Entries supplied >>
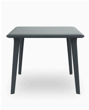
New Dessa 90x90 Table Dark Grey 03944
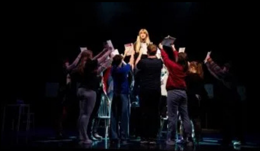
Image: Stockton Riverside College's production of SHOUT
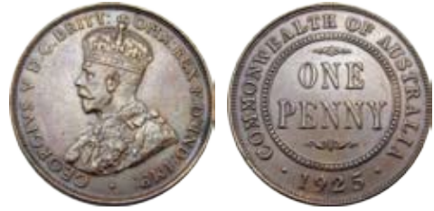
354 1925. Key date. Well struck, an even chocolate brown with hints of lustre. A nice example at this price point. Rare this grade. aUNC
--
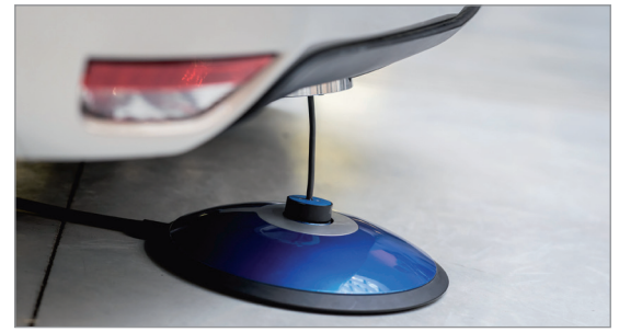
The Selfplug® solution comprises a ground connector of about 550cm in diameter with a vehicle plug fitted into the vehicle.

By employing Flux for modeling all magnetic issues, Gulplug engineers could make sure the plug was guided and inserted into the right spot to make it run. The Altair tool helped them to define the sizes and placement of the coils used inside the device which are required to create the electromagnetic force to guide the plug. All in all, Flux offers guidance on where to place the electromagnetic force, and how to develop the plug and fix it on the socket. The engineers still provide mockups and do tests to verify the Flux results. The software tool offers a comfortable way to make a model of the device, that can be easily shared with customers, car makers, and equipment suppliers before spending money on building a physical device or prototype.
---
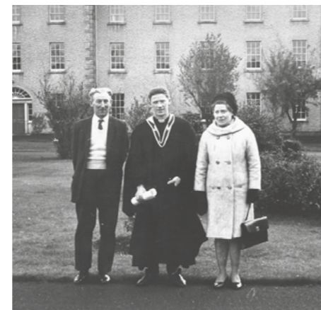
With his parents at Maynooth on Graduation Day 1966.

Problem details >>
Every line above with the word "into" belongs in the answer, copied as written.

Task answer >>
The Selfplug® solution comprises a ground connector of about 550cm in diameter with a vehicle plug fitted into the vehicle.
By employing Flux for modeling all magnetic issues, Gulplug engineers could make sure the plug was guided and inserted into the right spot to make it run. The Altair tool helped them to define the sizes and placement of the coils used inside the device which are required to create the electromagnetic force to guide the plug. All in all, Flux offers guidance on where to place the electromagnetic force, and how to develop the plug and fix it on the socket. The engineers still provide mockups and do tests to verify the Flux results. The software tool offers a comfortable way to make a model of the device, that can be easily shared with customers, car makers, and equipment suppliers before spending money on building a physical device or prototype.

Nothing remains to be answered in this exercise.